Some will read that quote and think it ironic. Others will think it sarcastic. Some will consider it pessimistic.

Yet what the quote missed is a child's main source for life information: parents. The quote is not wrong, just inadequate to convey the message.

While Baker had the age right ("by the age of six") he missed something extremely important, critically important about what a child learns in his first five years. In his first five years of life, a child learns what life is about.

You may think that age five or younger is too young to understand what life is about. Especially what the extremes, the best and worst of life, are about. While that is generally true, a young child gains his sense of the values that he will carry through his life from his parents. The life values of parents tend to be passed along to children, in so many varied ways that they can't be enumerated.

Let's say a young child is with her father in a store. The child doesn't pay attention to what the father buys or speaks about with the clerk. Back in the car, she overhears father saying to mother that the clerk gave him back five dollars too much and that he didn't return that money. That brief experience might leave a mark for a lifetime.

Children learn by example, as most of us know. Many parents don't know how important their role modelling is. A young child whose parents use drugs is highly likely to use drugs or alcohol when he grows up. Kids need to learn what life is about and we tend to not teach them until they are older, "old enough to understand." It doesn't work like that. They learn about life by taking markers from their parents, sample experiences they generalize into life lessons.

The little girl whose father kept the five dollars will generalize the experience to accept that it's all right to steal from someone, especially if the person doesn't know about it. A general belief that dishonesty is socially acceptable may not happen with a single incident. The child has no idea that the clerk will have to make up the money from her pay when she cashes out at the end of her shift. Nor might the child care. The kid is interested in what the parent does because the whole purpose of parenting is to teach actively and to be role models passively and the primary objective of a child is to learn about life from her parents.

For most children, their parents are their life for the first two years. How the parents act is how they come to believe that life is. At the time of life when their brains act like sponges to find examples to help them understand what life is about--their main purpose in life in their first few years--what their parents do is treated as a model for what they should do.
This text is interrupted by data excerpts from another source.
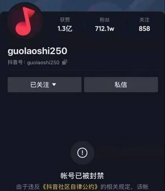 9月2日,有700万粉丝网红“郭老师”的抖音账号被永久封禁。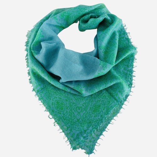 Cashmere Whisper Weight Paisley Bandana in Aqua/Lime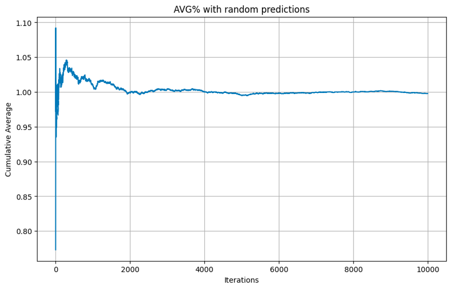To be sure, that this is not a random increase, I conducted a LLN simulation. The idea behind it was to utilise law of large number and get the average trade profit if we randomly filter-out trades based on the ration between "good" and "bad". As can be seen, the average profit per trade does not increased, giving one more sign of the model's effectiveness.

They want to be adults, as all children do. They accept the values of their parents because they are desperate to learn what values adults have.

For various reasons, a child will sometimes understand that what a parent has done is wrong. Neglect or abuse of the child, for example, might make the child determined to be just the opposite with his own children when he grows up. However, history shows that a majority of children who were neglected or abused become parents who neglect or abuse their own kids. The acorn doesn't fall far from the oak.

Ironically, bad behaviour by a parent may be picked up more readily than good behaviour. The reason is that parents behave well and properly most of the time, whereas bad behaviour is so different from the norm and so rare that a child will pick up on it. The child, wanting to fill in the gaps in his understanding of life values he seldom has opportunities to learn, will see some action or hear some words by a parent and generalize from them. One tiny example of bad behaviour (believed to be tiny by the parent) becomes a life lesson to be utilized later by the child.

If you are the parent or grandparent of a young child, everything you do may be scrutinized by the child and generalized as an example of a life value or lesson. The admonition "do what I say not what I do" doesn't work with kids. They take their first examples more from behaviour of parents, less what the parents say.

If you are the parent or grandparent of a young child, you are a living example to that child of what life is. Lessons learned later may change that, but most times the later lessons do not stick the way role model lessons from parents stick.

Bill Allin
Turning It Around: Causes and Cures for Today's Epidemic Social Problems, a guidebook for parents, grandparents and teachers who want to know what a child needs and at what time he or she needs it. It teaches people how to treat parenting responsibilities with a professional attitude.
Learn more at http://billallin.com

Thursday, June 26, 2008

Do You Know What You Missed As A Child?

Turn the power of praise upon whatever you wish to increase. Give thanks that it is now fulfilling your ideal.
- Charles Fillmore, cofounder of Unity School of Christianity (1854-1948)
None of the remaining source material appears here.